University of Arizona
University of Arizona Report on Research

From the Editor

When I was asked to serve as guest editor of this issue of Report on Research, I grimaced. I've worked in higher education for more than a decade, but primarily at a Midwestern university with a strong focus on general education. What could I say about the cutting-edge research and scholarship going on a doctoral/research university?

It turns out, plenty. This issue of Report on Research provided more than enough grist for the mental mill. For one thing, it offers a glimpse at the sheer breadth of research going on at this diverse institution. And in some cases, conducting that research takes real intestinal fortitude.

Consider for a moment Michael Mulcahy, an assistant professor of media arts. Mulcahy ventured into some of Arizona's toughest prisons to observe how new corrections officers interact with what many would call a throw-away population: inmates. Mulcahy first studied how new corrections officers were trained, then tracked four officers in their first nine months on the job. His results are both revealing and troubling.
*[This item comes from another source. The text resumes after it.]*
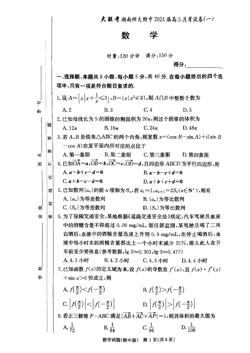 湖南师范大学附属中学2024届高三上学期月考(一)数学

Mulcahy isn't the only UA researcher studying a marginalized population. Researchers from the Southwest Institute for Research on Women are in the midst of two five-year projects that will look at issues like alcohol and drug abuse among poor women and children. The knowledge they gain will be the ray of hope that may one day change such destructive behaviors.

On another part of campus, the high-tech research going on in the Biomedical Engineering Program could lead to the manufacture of human tissue. The interdisciplinary program brings together some of the top minds in engineering and medicine to generate blood cells and build tissue Ð literally cell by cell. Amazingly, the machines these researchers are using were originally designed to build electronic circuits.

That's research from some pretty diverse disciplines. Yet nowhere on campus is the variety of research and scholarship more evident than at the University of Arizona Press. In existence since 1959, the UA Press has published more than 1,000 titles ranging from New York Times' best sellers to a dictionary of the Hopi language. Anthropologists and environmentalists have put their passions to paper. Books on the unique geography of the Southwest are numerous.

Director Christine Szuter puts the publishing in perspective when she speaks of the work of the Press. Yet she might just as well be speaking of the dozens of disciplines that day after day, year after year, make the University of Arizona one of the finest universities in the country.

"We ultimately form," says Szuter, "a core part of the intellectual foundation of a Research I institution."


Kate Harrison
Guest Editor
Kate Harrison is a freelance writer and editor in Tucson. She spent much of her career producing publications for the University of Dayton.